● PROVIDED MATERIAL
________
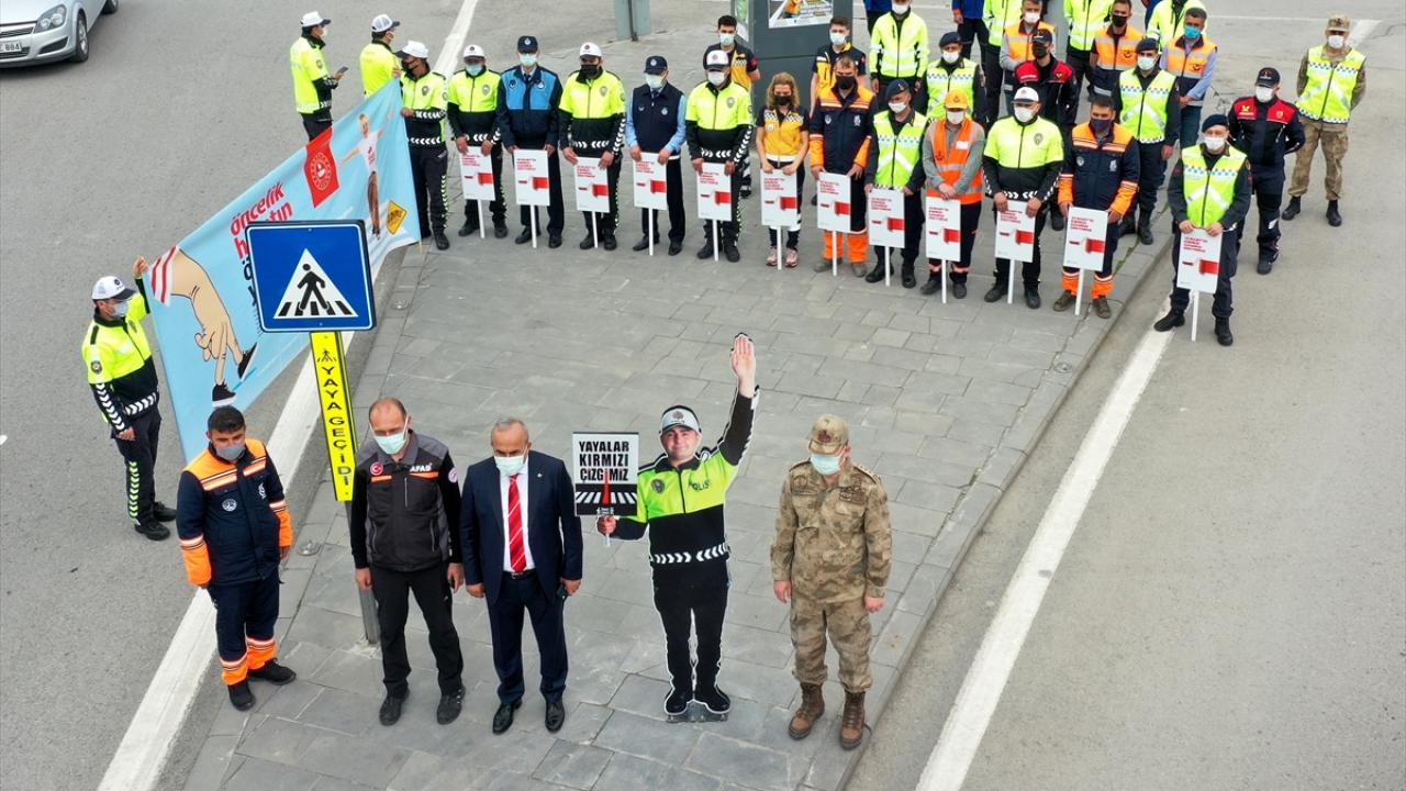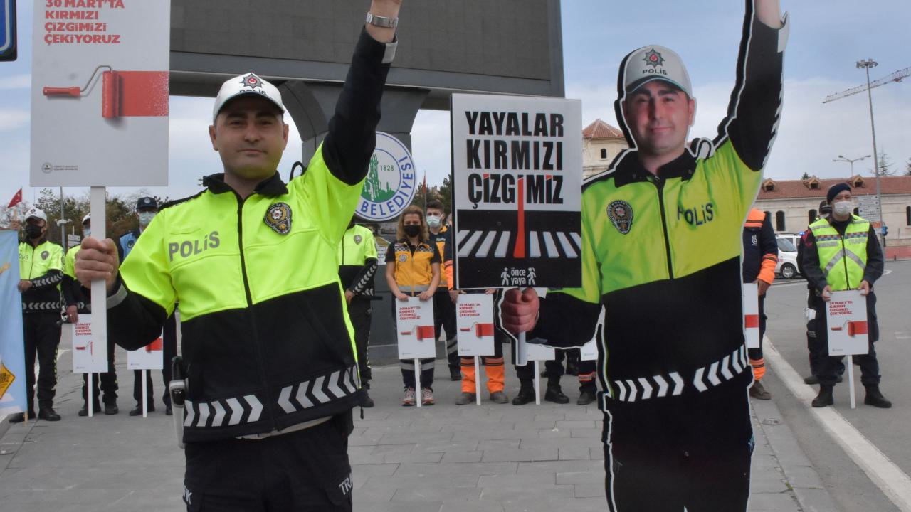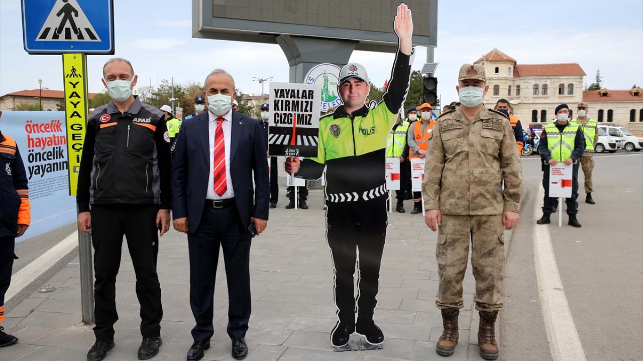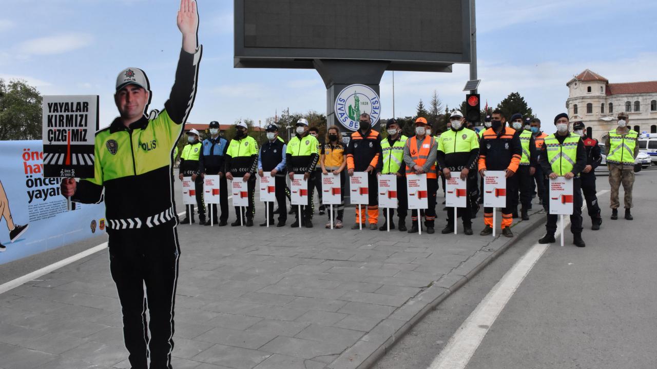 Programda, yaya güvenliğinin sağlanması ve sürücülerde yol verme bilincinin artması için yaya geçitlerine 9 adet trafik polisi maketi yerleştirildi.
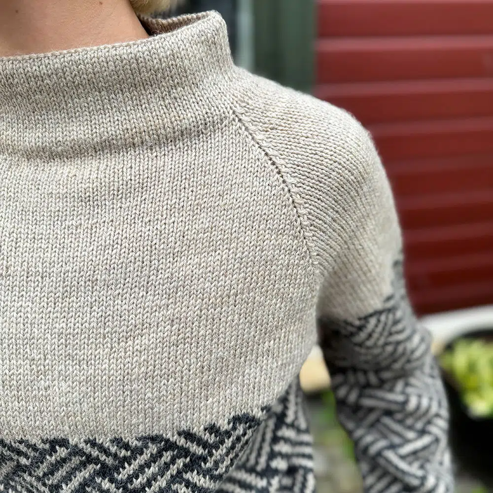 Knitted from bottom to top with raglan decreases
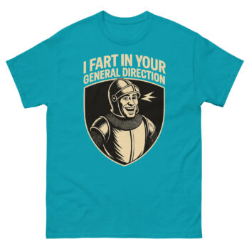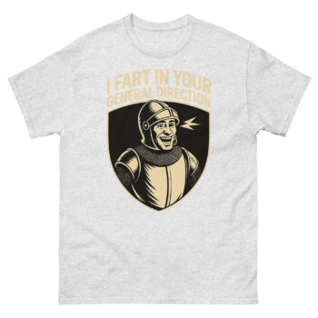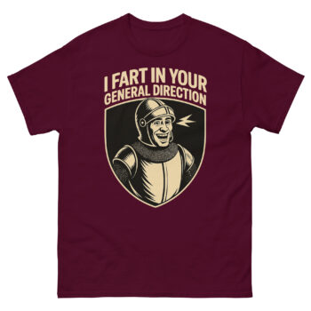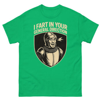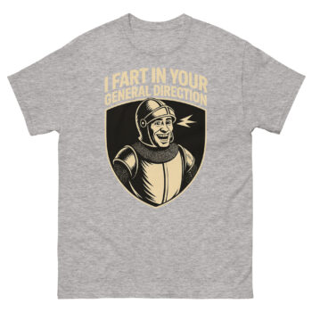 Don’t just remember the scene, wear it. The “I Fart In Your General Direction Shirt” is more than casual wear; it’s a badge of honor for fans of absurd genius. It represents a commitment to quality, a deep love for a cult classic, and the timeless joy of a perfectly delivered joke. Whether for yourself or as the perfect gift, this shirt turns a legendary movie quote into a personal statement. Click to choose your size and join the ranks of those who know that true comedy is timeless, bold, and beautifully rude. Claim your piece of Monty Python and the Holy Grail history today!
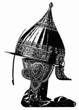 Рис. 89. «Арабская надпись — обычная принадлежность богатых русских шлемов». Рисунок из книги «Древности Российского государства» (М, 1853).
________
● EXERCISE AIM
The whole listing above, line by line, needs to be copied exactly, except for any images.

● ANSWER FOR THIS EXERCISE
 Programda, yaya güvenliğinin sağlanması ve sürücülerde yol verme bilincinin artması için yaya geçitlerine 9 adet trafik polisi maketi yerleştirildi.
 Knitted from bottom to top with raglan decreases
 Don’t just remember the scene, wear it. The “I Fart In Your General Direction Shirt” is more than casual wear; it’s a badge of honor for fans of absurd genius. It represents a commitment to quality, a deep love for a cult classic, and the timeless joy of a perfectly delivered joke. Whether for yourself or as the perfect gift, this shirt turns a legendary movie quote into a personal statement. Click to choose your size and join the ranks of those who know that true comedy is timeless, bold, and beautifully rude. Claim your piece of Monty Python and the Holy Grail history today!
 Рис. 89. «Арабская надпись — обычная принадлежность богатых русских шлемов». Рисунок из книги «Древности Российского государства» (М, 1853).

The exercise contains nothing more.